* _BRIEF_:
Transcribe exactly, and only, the lines running from the one that contains "This is a brand" through the last line of the material. No pictures.
(DATA EXCERPT begins)
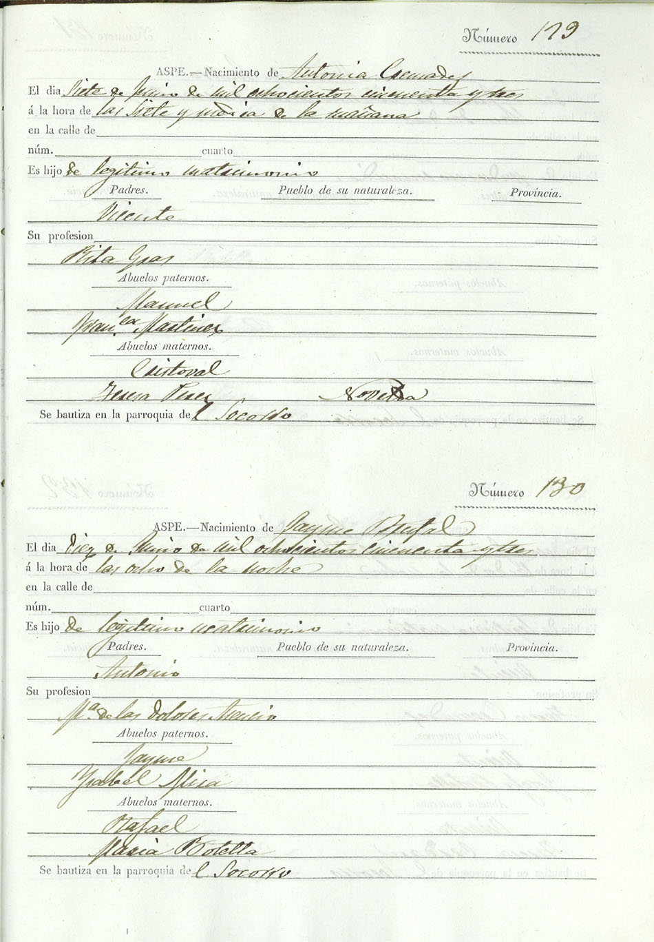 Registro civil de nacidos de la Villa de Aspe
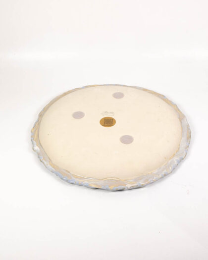 This is a brand new ceramic plate from The School House Pottery, showcasing a beautiful handmade design. The plate features a predominantly white centre, surrounded by a soft pink band, and finished with a light blue rim. The glaze has a subtle sheen, highlighting the texture of the ceramic. The back of the plate is plain ceramic with School House Pottery logo. This plate could be displayed on a wall, or used as a decorative piece on a table or shelf.
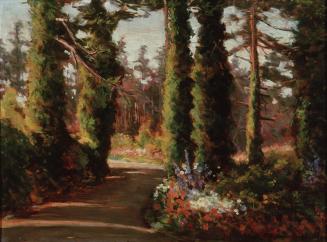 Descriptionpainting depicts a driveway lined with trees & belonged to the Groos, a prominent Victoria familyflowers; the mansionStatus
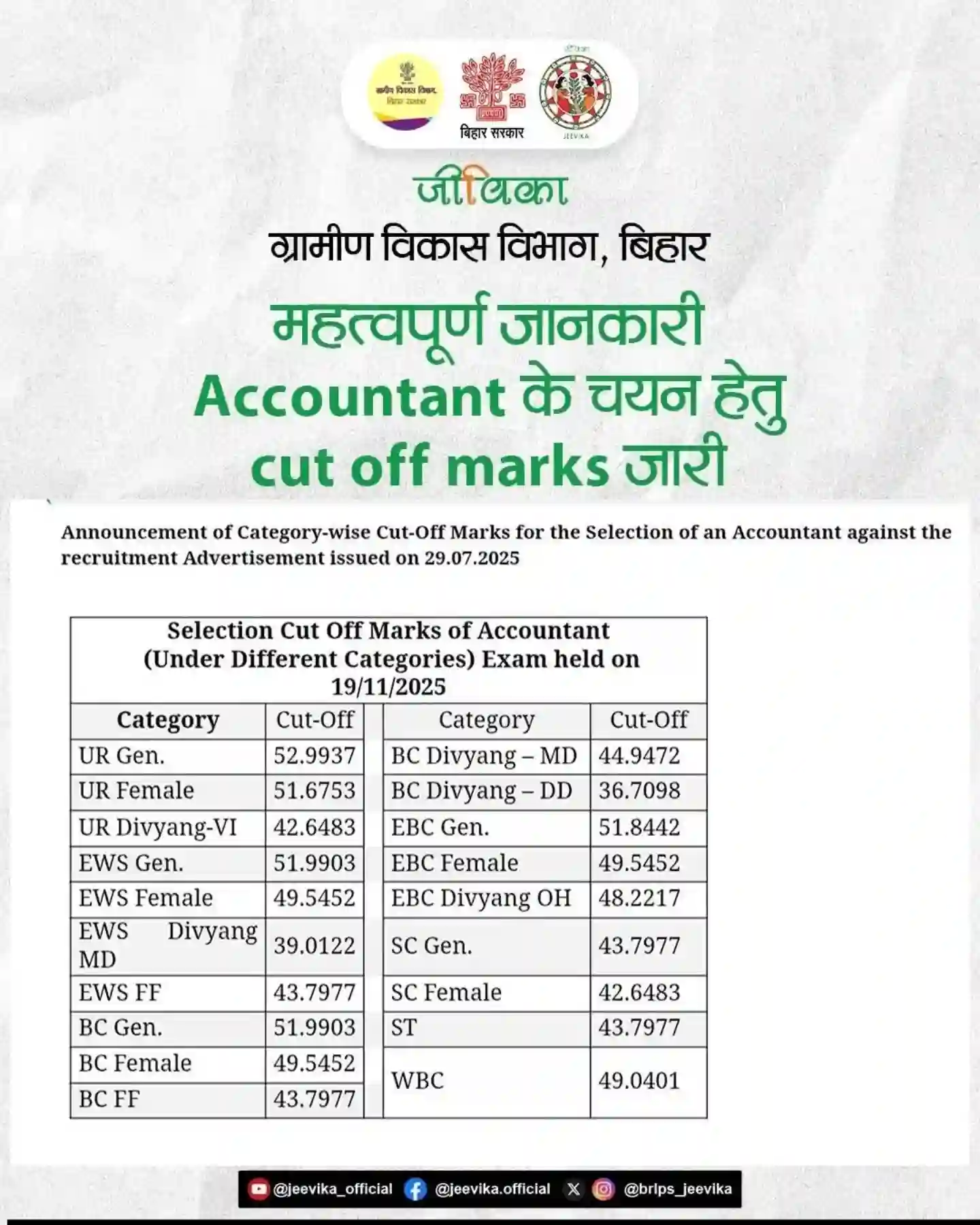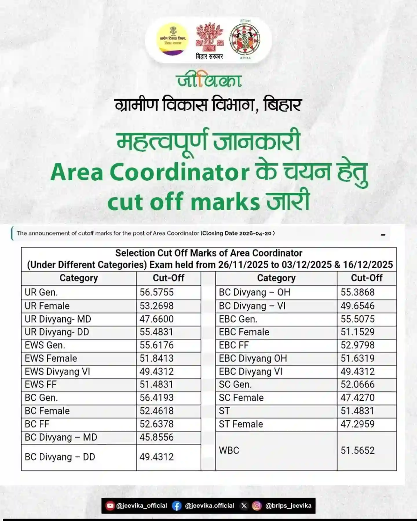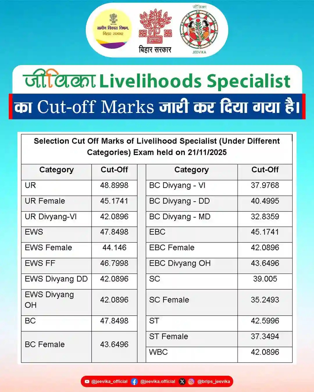 The Bihar JEEVIKA (BRLPS) has released the official category-wise cut-off marks for the Block Project Manager (BPM) post as of March 25, 2026. Candidates can check the minimum qualifying marks for UR, EWS, BC, and SC/ST categories to verify their selection status for the next recruitment stage.
(DATA EXCERPT ends)
* _RESULT OF THIS TASK_:
 This is a brand new ceramic plate from The School House Pottery, showcasing a beautiful handmade design. The plate features a predominantly white centre, surrounded by a soft pink band, and finished with a light blue rim. The glaze has a subtle sheen, highlighting the texture of the ceramic. The back of the plate is plain ceramic with School House Pottery logo. This plate could be displayed on a wall, or used as a decorative piece on a table or shelf.
 Descriptionpainting depicts a driveway lined with trees & belonged to the Groos, a prominent Victoria familyflowers; the mansionStatus
 The Bihar JEEVIKA (BRLPS) has released the official category-wise cut-off marks for the Block Project Manager (BPM) post as of March 25, 2026. Candidates can check the minimum qualifying marks for UR, EWS, BC, and SC/ST categories to verify their selection status for the next recruitment stage.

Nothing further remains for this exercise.